The San Francisco Unified School District’s decision comes amid a national movement to eliminate law enforcement from schools. (Kevin N. Hume/S.F. Examiner)

The San Francisco Unified School District’s decision comes amid a national movement to eliminate law enforcement from schools. (Kevin N. Hume/S.F. Examiner)

School board approves making SF schools police-free

Under the resolution, SFUSD will not renew its memorandum of understanding with the San Francisco Police Department

Amid a national movement to eliminate law enforcement from schools, the San Francisco Unified School District Board of Education on Tuesday night voted unanimously to declare the city’s public schools to be police-free.

Under the resolution, SFUSD will not renew its memorandum of understanding with the San Francisco Police Department and will deem its schools sanctuary spaces from law enforcement.

The resolution also directs staff and Superintendent Vincent Matthews to not cooperate or facilitate in the criminalization of a student, their family member or staff on campus by state, federal and local law enforcement agencies. Additionally, armed officers won’t be allowed on school grounds.

The resolution also directs that Superintendent Matthews reallocate funds previously used to pay law enforcement toward student support services, and requests that the San Francisco Police Commission create a protocol for officers that outlines what calls for service to respond to and ways to engage with students and parents.

“We did it!” Board Commissioner Alison Collins said via Twitter. She added, “But we still need all of your continued advocacy to ensure we have support for funding whole community schools and community-based violence prevention.”

The San Francisco-based organization Coleman Advocates called the board’s decision “an important step in ending the policing of black students in SF.”
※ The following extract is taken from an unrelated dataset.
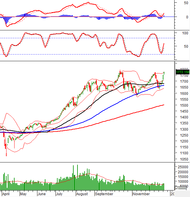 VN-Index thiết lập đỉnh lịch sử mới (tính theo giá đóng cửa) với phiên tăng thứ 4 liên tiếp đồng thời bám vào Upper Band của Bollinger Bands. Các chỉ báo MACD và Stochastic Oscillator tiếp tục hướng lên tích cực sau khi cho tín hiệu mua. Kết quả test đỉnh cũ tháng 10/2025 (tương đương vùng 1,740-1,795 điểm) sẽ quyết định xu hướng của chỉ số trong thời gian tới.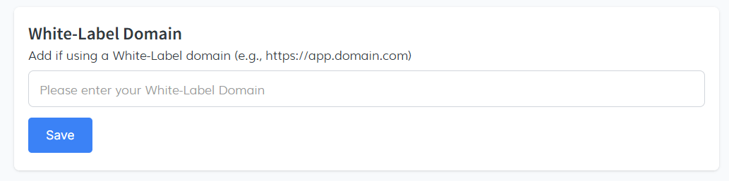 White-Label DomainIf you have a white-label domain, add it here and click the Save button.

Traditionally, the district has relied on SFPD School Resource Officers who provide security, conflict mediation and truancy prevention, among other services, at its schools.

In response to the board’s vote, police spokesman Sgt. Michael Andraychak said in an email, “The department has not made any decisions regarding the SRO program. We look forward to having conversations with Superintendent Matthews regarding how we implement a thoughtful transition.”